MEMORANDUM TO: Haley Barbour, chairman, Republican National Committee
From: An observer
The urge to kick up your heels and pop the Champagne must be almost irresistible at the moment. Just one year ago, Republicans went down to humiliating defeat at the presidential level and in a number of Senate races -- including painful ones like the Bruce Herschensohn loss to Barbara Boxer.
But in the year that followed, Democrats have suffered one embarrassing loss after another at the polls. First, there was the special election for U.S. senator from Georgia just a few weeks after the November triumph for Bill Clinton. Democratic incumbent Wyche Fowler was defeated by Republican Paul Coverdell. Then, the lieutenant governor ship of Arkansas went to a Republican for the first time in several glacial ages.
Los Angeles elected a Republican mayor, and Texas chose a Republican senator by a punishing 2-to-1 margin. With Tuesday's sweep, Republicans now control the statehouse in Virginia (and a working majority in the legislature), the mayoralty of New York and the governorship of New Jersey.
In short, Mr. Chairman, your party has come a very long way from the obituaries that were being written last year at this time. (Remember all the speculation about a Ross Perot party taking the place of the Republican Party as the opposition to Bill Clinton and the Democrats?)

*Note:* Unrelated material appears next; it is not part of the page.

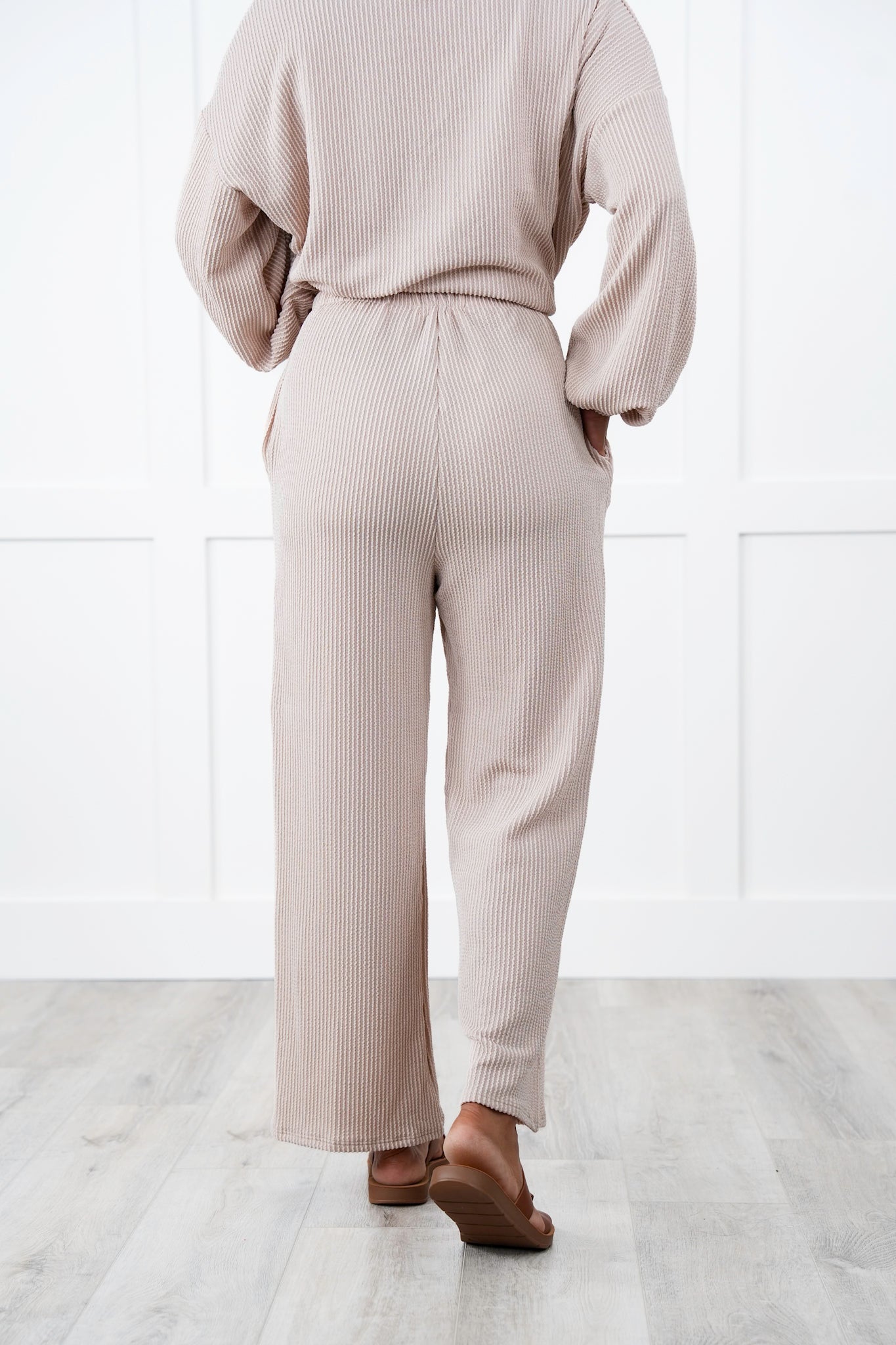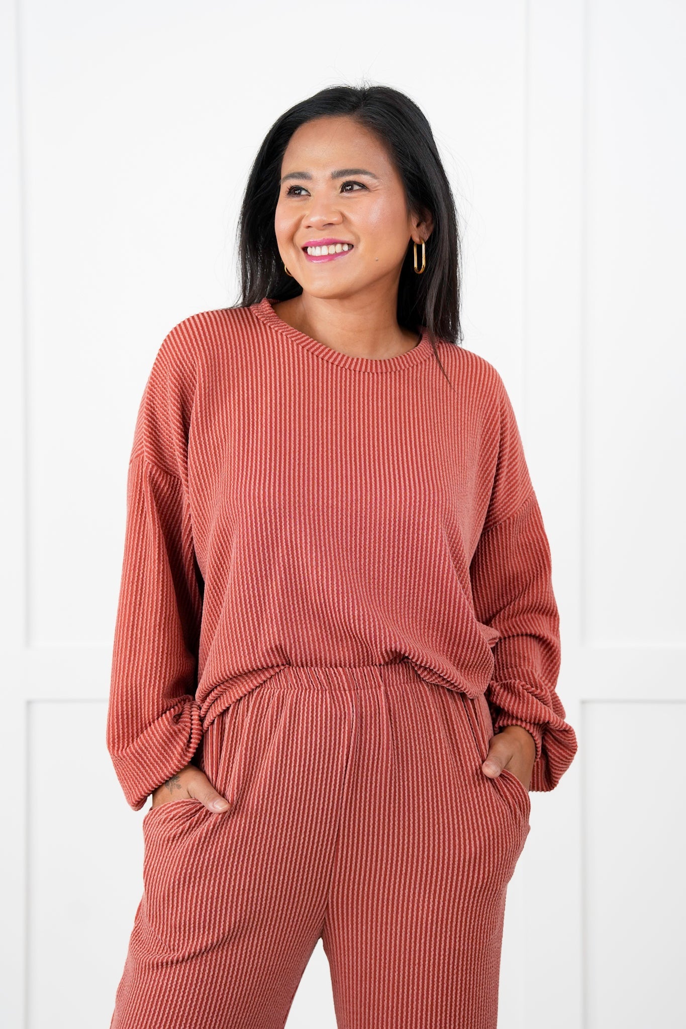 Ribbed Long Sleeve Round Top With Elastic Waistband Lounge Pant Set (Multiple Colors)

And there's even more good news in the lessons of some of last week's victories. Most obviously, the New Jersey race proved that even a lackluster, inconsistent Republican like Christine Todd Whitman can defeat a Democrat who promises not to raise taxes and then double-crosses the voters with a massive tax increase. If Jim Florio had been re-elected, Mr. Clinton's political advisers (who also ran the Florio campaign) would have crowed that voters will forgive tax hikes. Now, licking their wounds, they must contemplate the New Jersey race's significance for President Clinton.
The Virginia race was important in two ways. First, it demonstrated the weakness of the "religious right" card in Democratic hands. Democrat Mary Sue Terry attempted to demonize the Republican ticket by stressing its ties to TV evangelist and Republican presidential candidate Pat Robertson. It backfired. Instead of running from the association (as so many Republicans do), Gov.-elect George Allen denounced the smear tactics of the Terry campaign. Christian voters supported Mr. Allen by a 3-to-1 margin.
Virginia Democrats did pick off Christian activist Mike Farris in the race for lieutenant governor -- but only by outspending him 10 to 1.
As former Rep. Vin Weber has noted, the additional significance of the Virginia race is that it proves a conservative Republican can defeat a "new Democrat." Mary Sue Terry has a reputation for fiscal restraint, and the Democratic Party in Virginia -- through Sen. Chuck Robb and outgoing Gov. Douglas Wilder -- is strongly associated with the moderate Democratic Leadership Council wing of the party. Yet Mr. Allen's commercials depicting Ms. Terry as part of the Wilder/Robb clique proved devastating.
Nevertheless, Mr. Chairman, do not uncork the Champagne just yet. Voters have turned to Republicans warily, by slim margins in most cases. And the Republicans they have chosen are (mostly) unlikely to get results.
Fear of crime and dismay at the social chaos of our cities drove elections in Los Angeles and New York. Yet the nostrums of Rudolph Giuliani and Richard Riordan -- "throw away the key" -- won't work and will lead the voters to another restive toss of incumbents next time.
What the voters are seeking is a return to order and decency. They are weary and worried about the brutality of American life in an era when tourists must fear for their lives. But the Republican Party, which should stand for a social revolution to end welfare and to strengthen the family, is still timid. Only Brent Schundler, the recently elected mayor of Jersey City, represents the kind of reform politician (pro-choice in education, against rent control, anti-welfare) that can make the Republican Party the majority party.
The 1993 elections have installed some George Bush look-alikes (Giuliani, Riordan, Whitman) in a number of offices. That is not a great victory; it is a problem.
Mona Charen is a syndicated columnist.